On Tuesday, August 16, the United States Department of Education issued a press release stating its intent to discharge all federal student loans that borrowers received to attend ITT Technical Institute from Jan. 1, 2005, through its closure in September 2016, amounting to $3.9 billion in full loan discharges between 208,000 borrowers. This is the second-largest targeted debt relief action the Biden-Harris Administration has taken for defrauded borrowers, second only to the $5.8 billion loan cancellation for 560,000 former attendees of Corinthian Colleges.
Eligible borrowers, including those who haven’t applied for a borrower defense to repayment discharge, will have their debt canceled without any further action on their part. The Education Department’s decision came following findings based on internal ITT policies and records; testimonies from former students, employees, and administrators; ITT recruitment materials and brochures; recordings of ITT’s representatives interacting with prospective students; investigative files and submissions gathered by congressional investigators and state offices of attorneys general; and individual borrower defense applications submitted by former ITT students.
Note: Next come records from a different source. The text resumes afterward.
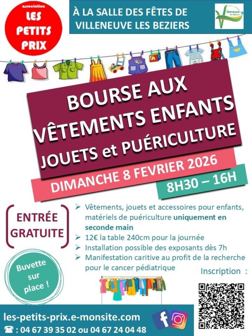 Le dimanche 8 février, de 8h30 à 16h, la salle des fêtes de Villeneuve-lès-Béziers accueillera une bourse aux vêtements pour enfants, dédiée à la puériculture, aux jouets et aux accessoires.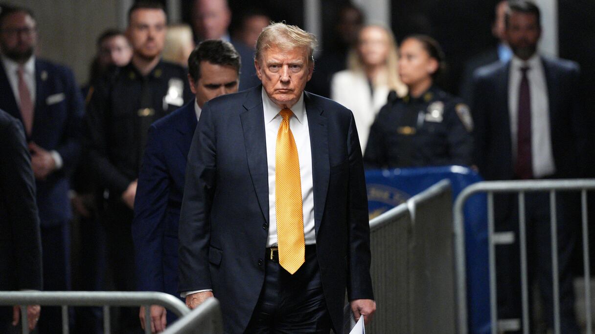 Arborant sa traditionnelle cravate rouge, il a évoqué pêle-mêle son procès au civil pour agression sexuelle et sa condamnation au pénal pour des paiements dissimulés à une actrice X lors de la campagne présidentielle de 2016. Il s’en est également pris à ses avocats.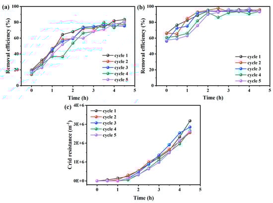 Changes in (a) Chl-a removal efficiency, (b) turbidity removal efficiency and (c) resistance after clean recycling of the composite microfiltration enclosure.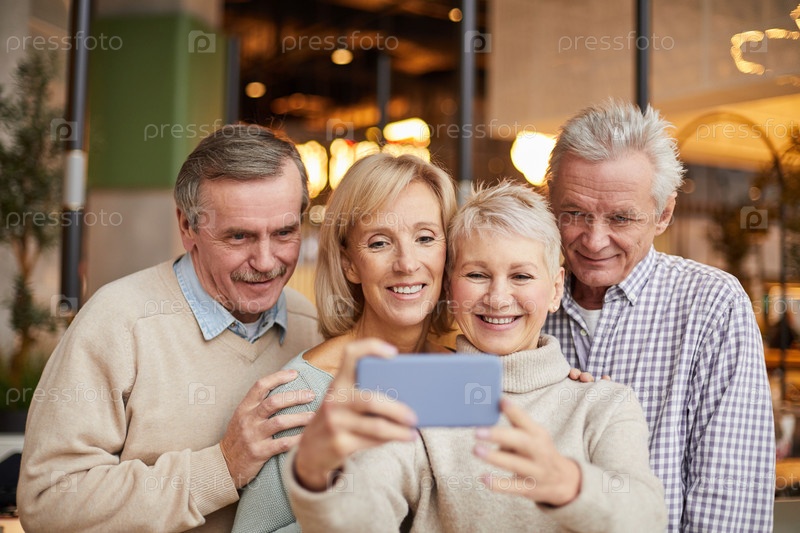 Группа счастливых старших друзей в повседневных нарядах, стоящих в современном кафе и фотографирующих вместе со смартфонами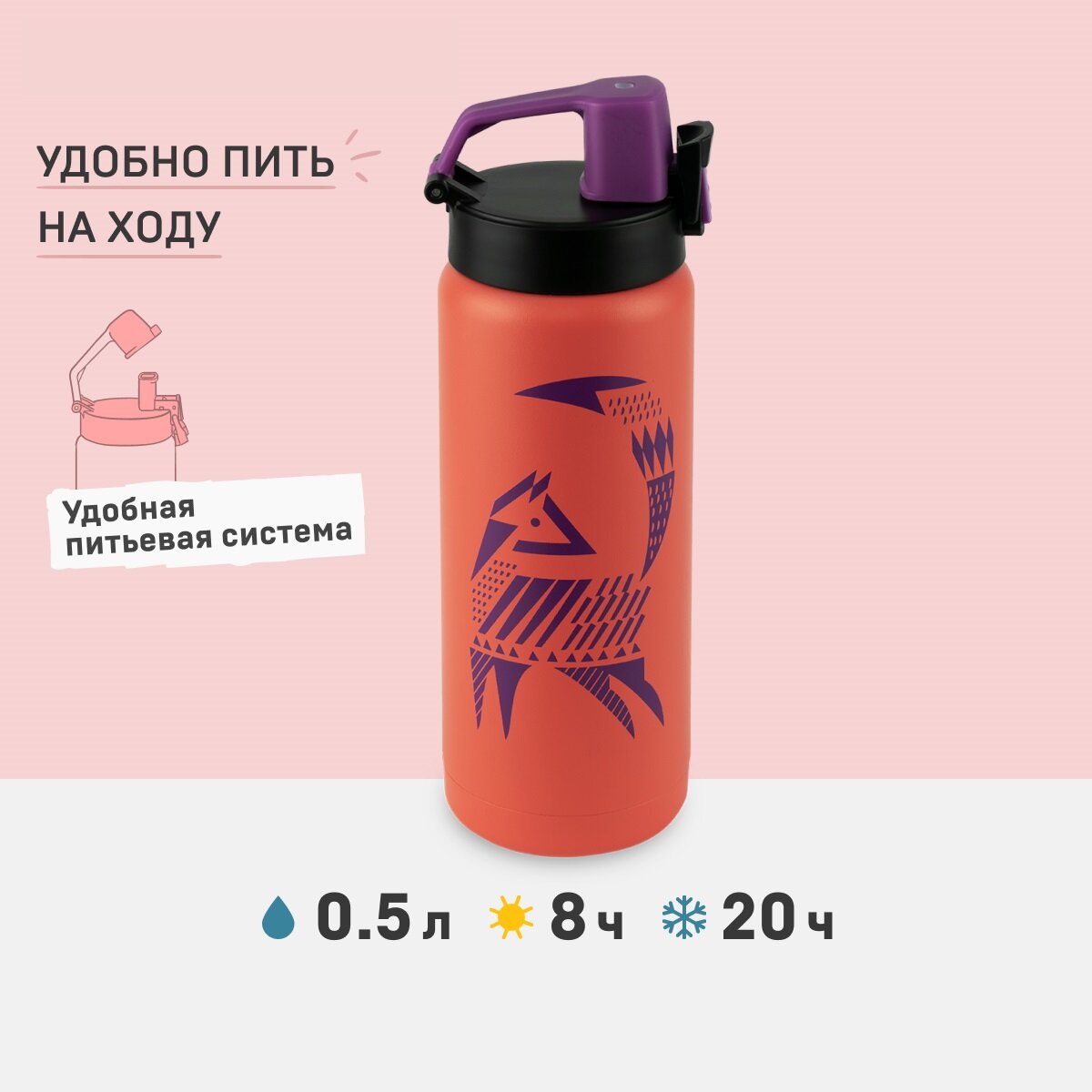 Термос - сититерм 500 мл Арктика 702-500 для спорта, крышка с ручкой-карабином, поилкой и фиксатором для дополнительной защиты от проливания.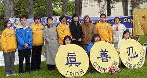 一早,法轮功学员就来到当地著名的森林公园,布置好了庆典现场。然后,大家一起炼功、学法、发正念。学员的年龄从6个月到73岁,一同沐浴在“真善忍”中。

- The United States Department of Education has announced that it will discharge $3.9 billion in federal student loans for 208,000 borrowers who attended ITT Technical Institute from Jan. 1, 2005, through its closure in September 2016.
- The Biden-Harris Administration and the Consumer Financial Protection Bureau (CFPB) have previously taken action against ITT for misleading students and pressuring borrowers into taking out high-cost private loans, respectively.
- The Education Department has also taken action against two other for-profit institutions: DeVry University and the Kaplan Career Institute.
The Department of Education’s announcement comes ahead of its pause on student loan repayment, interest, and collections expiring at the end of the month.
ITT’s History of Federal Scrutiny
This isn’t the first time the Biden-Harris Administration has taken action against ITT, which previously resulted in the approval of $1.9 billion in discharges for 130,000 students. ITT was already under scrutiny thanks to borrower defense findings that the for-profit institution misrepresented the ability of its students to get a job or transfer credits to other schools, in addition to lying about the programmatic accreditation of ITT’s associate degree in nursing.
The Consumer Financial Protection Bureau (CFPB) was also working to protect ITT borrowers, resulting in $498 million in private student loan cancellation. The CFPB sued ITT back in 2014, alleging it pressured students into taking out expensive private loans despite knowing most would default. Five years later, the CFPB obtained a judgment barring ITT from offering or providing student loans. The CFPB also obtained judgments against other parties that provided assistance to ITT in violation the Consumer Financial Protection Act by owning and managing the university’s private student loans.
In addition to the CFPB, the Education Department’s received important evidence from half the country’s state offices of attorneys general, led by Colorado and Oregon Attorneys General and supported by evidence from the Iowa and New Mexico Attorneys General. Its findings were also assisted by significant and extensive work by Veterans Education Success.
Other Institutions Targeted by Education Department
Alongside ITT, the Department of Education also formally notified DeVry University that it’s liable for almost $24 million for approved borrower defense claims. The Education Department found, from 2008 through 2015, DeVry had purported 90% of its graduates actively seeking employment found jobs in their field of study within six months of graduation, despite its actual job placement rate of approximately 58%. The Education Department expects the number of approved discharge amounts will grow as it continues to adjudicate additional applications from former DeVry students.
Additionally, discharges for approximately 100 attendees of the Kaplan Career Institute were also approved. The Massachusetts Attorney General provided evidence to the Education Department that established Kaplan had reported a job placement rate of upwards of 70%, when the actual figure was as low as 25%. The Massachusetts Attorney General also found that Kaplan didn’t provide promised career services to borrowers.